Politik - Was ist passiert – was dahinter steckt
UN-Sicherheitsrat: Wahlergebnisse aus New York
New York () – Deutschland ist bei der Wahl für einen Sitz im UN-Sicherheitsrat bereits im ersten Wahlgang seinen Konkurrenten Portugal und Österreich klar unterlegen. Portugal bekam in geheimer Wahl 134 Stimmen, Österreich 131 und Deutschland nur 104 Stimmen.
Die notwendige Zwei-Drittel-Mehrheit lag nach Angaben von Annalena Baerbock, derzeit Präsidentin der Generalversammlung, bei 127 Stimmen – Portugal und Österreich bekommen damit für zwei Jahre einen Sitz im Sicherheitsrat.
Insgesamt müssen fünf Länder nachrücken, nachdem die Amtszeit für Dänemark, Griechenland, Pakistan, Panama und Somalia abgelaufen ist. Für Afrika trat am Mittwoch Simbabwe an und bekam mit 182 Stimmen eine klare Mehrheit. Für die lateinamerikanischen und karibischen Staaten ging Trinidad und Tobago ins Rennen und hatte mit 181 Stimmen ebenfalls keine Probleme.
In der Asien-Pazifik-Ländergruppe kam zunächst keine erforderliche Mehrheit zustande.

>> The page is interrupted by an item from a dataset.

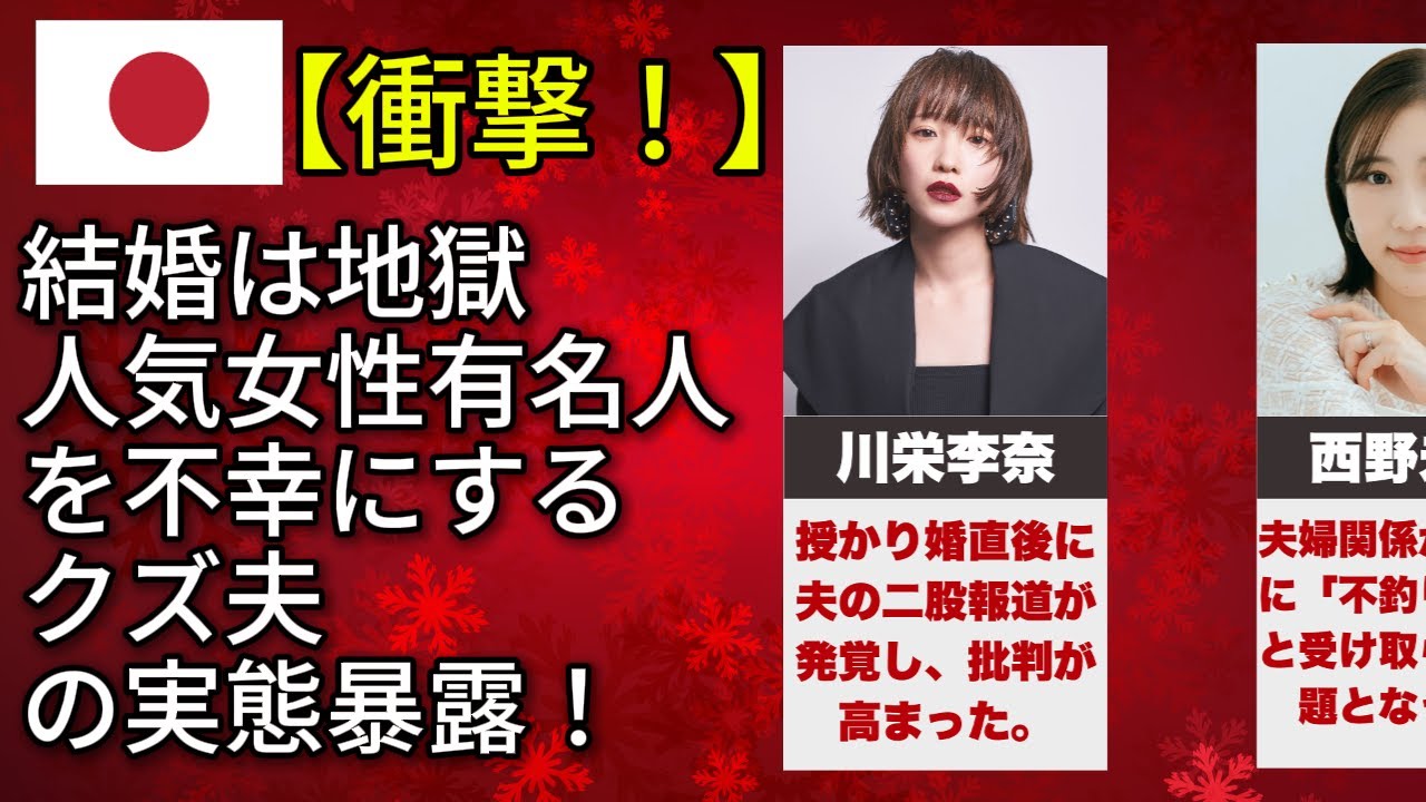 これらの女性有名人の役立たずの夫たちは、彼女たちを悲しませるために何をしたのでしょうか? (松田聖子・佐々木希・杏) は、輝かしいキャリアを持つ女性芸能人たちを裏切り、苦しめた夫たちの実態に迫るドキュメンタリーです。 不倫、借金、モラハラなど、世間を驚愕させた「ダメ夫」たちの数々の行動。なぜ彼女たちはそのような夫を選び、そしてどのように苦難を乗り越えてきたのか? 本作「これらの女性有名人の役立たずの夫たちは、彼女たちを悲しませるために何をしたのでしょうか? (松田聖子・佐々木希・杏)」では、スキャンダルの裏に隠された涙の真実と、強く生きる女性たちの姿を徹底解説します。

Die Philippinen kamen im ersten Wahlgang nur auf 85, Kirgistan nur auf 105 Stimmen.
| Text-/Bildquelle: | Übermittelt durch www.dts-nachrichtenagentur.de |
| Bildhinweis: | Vereinte Nationen (Archiv) |
Häufig gestellte Fragen (FAQ)
Was ist passiert?
- Deutschland unterliegt bei UN-Sicherheitsratswahl Portugal und Österreich im ersten Wahlgang.
- Portugal erhält 134 Stimmen, Österreich 131, Deutschland nur 104.
- Portugal und Österreich erhalten für zwei Jahre einen Sitz im Sicherheitsrat.
Warum ist das wichtig?
- Verlust eines wichtigen Einflusses im UN-Sicherheitsrat
- Vernichtung von Ressourcen und Politischem Kapital für die Kandidatur
- Signal an die internationale Gemeinschaft über Deutschlands aktuelle Stellung
Wer ist betroffen?
- Deutschland
- Portugal
- Österreich
- Dänemark
- Griechenland
- Pakistan
- Panama
- Somalia
- Simbabwe
- Trinidad und Tobago
- Philippinen
- Kirgistan
Zahlen/Fakten?
- Portugal: 134 Stimmen
- Österreich: 131 Stimmen
- Deutschland: 104 Stimmen
- Notwendige Zwei-Drittel-Mehrheit: 127 Stimmen
- Simbabwe: 182 Stimmen
- Trinidad und Tobago: 181 Stimmen
- Philippinen: 85 Stimmen
- Kirgistan: 105 Stimmen
Wie geht’s weiter?
- Portugal und Österreich übernehmen für zwei Jahre Sitze im UN-Sicherheitsrat.
- Weitere Wahlgänge für die Asien-Pazifik-Ländergruppe notwendig.
- Fünf Länder müssen nachrücken; Konkurrenz bleibt aktiv.